(Beginning of Materials provided)
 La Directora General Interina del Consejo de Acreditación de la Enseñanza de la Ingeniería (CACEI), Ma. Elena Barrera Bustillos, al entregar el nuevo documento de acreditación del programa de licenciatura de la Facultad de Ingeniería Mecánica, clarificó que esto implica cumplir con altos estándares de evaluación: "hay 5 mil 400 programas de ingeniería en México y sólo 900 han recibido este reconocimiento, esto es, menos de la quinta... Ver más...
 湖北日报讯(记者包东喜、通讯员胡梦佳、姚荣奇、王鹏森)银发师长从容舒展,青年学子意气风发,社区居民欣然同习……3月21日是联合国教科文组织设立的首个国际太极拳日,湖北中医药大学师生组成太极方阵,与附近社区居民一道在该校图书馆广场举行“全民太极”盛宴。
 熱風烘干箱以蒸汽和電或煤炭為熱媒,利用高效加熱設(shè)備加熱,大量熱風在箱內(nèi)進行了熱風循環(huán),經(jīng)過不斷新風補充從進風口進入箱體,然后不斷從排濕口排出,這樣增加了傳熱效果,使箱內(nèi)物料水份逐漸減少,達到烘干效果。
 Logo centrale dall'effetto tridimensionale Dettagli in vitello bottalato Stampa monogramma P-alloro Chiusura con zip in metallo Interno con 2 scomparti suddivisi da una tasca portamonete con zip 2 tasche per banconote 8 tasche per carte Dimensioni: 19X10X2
(End of Materials provided)
(Beginning of Materials provided)
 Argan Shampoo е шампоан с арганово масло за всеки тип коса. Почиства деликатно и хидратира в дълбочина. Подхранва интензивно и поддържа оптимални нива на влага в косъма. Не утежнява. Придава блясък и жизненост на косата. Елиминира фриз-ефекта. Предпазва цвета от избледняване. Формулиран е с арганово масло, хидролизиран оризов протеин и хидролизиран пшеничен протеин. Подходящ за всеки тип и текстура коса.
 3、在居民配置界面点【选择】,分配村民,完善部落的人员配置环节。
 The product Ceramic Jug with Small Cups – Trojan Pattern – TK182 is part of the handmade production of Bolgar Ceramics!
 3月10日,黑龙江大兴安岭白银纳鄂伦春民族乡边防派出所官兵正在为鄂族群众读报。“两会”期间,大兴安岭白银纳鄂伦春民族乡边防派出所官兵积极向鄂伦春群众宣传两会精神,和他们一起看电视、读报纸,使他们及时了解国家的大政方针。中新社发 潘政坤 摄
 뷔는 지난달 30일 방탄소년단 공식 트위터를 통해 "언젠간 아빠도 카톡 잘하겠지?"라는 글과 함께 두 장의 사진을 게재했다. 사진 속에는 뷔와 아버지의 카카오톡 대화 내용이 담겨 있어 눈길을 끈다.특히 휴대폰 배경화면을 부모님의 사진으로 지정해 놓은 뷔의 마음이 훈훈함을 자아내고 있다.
(End of Materials provided)
(Beginning of Materials provided)
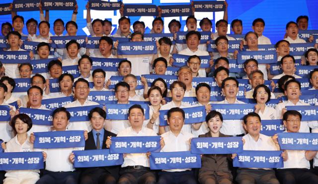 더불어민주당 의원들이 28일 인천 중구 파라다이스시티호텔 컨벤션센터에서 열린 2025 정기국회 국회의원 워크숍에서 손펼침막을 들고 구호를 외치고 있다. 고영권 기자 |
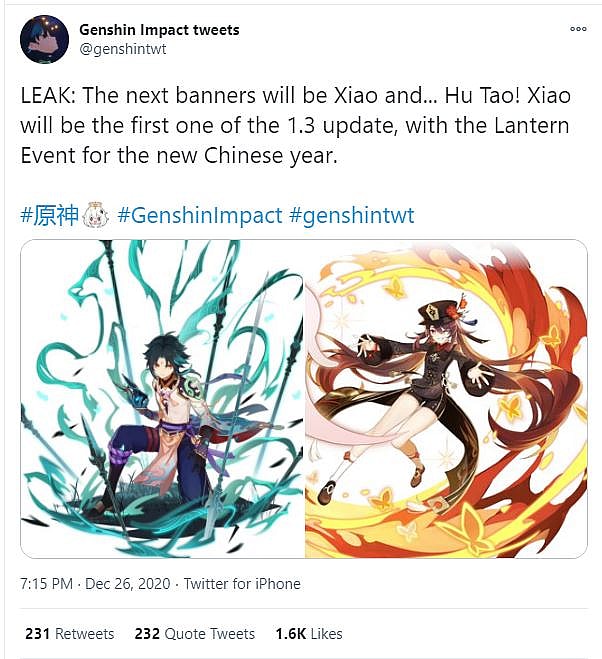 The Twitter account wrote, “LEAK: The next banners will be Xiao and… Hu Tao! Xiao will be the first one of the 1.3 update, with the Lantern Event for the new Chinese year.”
(End of Materials provided)
§ What you have to do
Beginning with the line above that contains "더불어민주당 의원들이 28일" and ending with the line that contains "The Twitter account", quote each line exactly, keeping out the pictures.

§ Completed exercise
 더불어민주당 의원들이 28일 인천 중구 파라다이스시티호텔 컨벤션센터에서 열린 2025 정기국회 국회의원 워크숍에서 손펼침막을 들고 구호를 외치고 있다. 고영권 기자 |
 The Twitter account wrote, “LEAK: The next banners will be Xiao and… Hu Tao! Xiao will be the first one of the 1.3 update, with the Lantern Event for the new Chinese year.”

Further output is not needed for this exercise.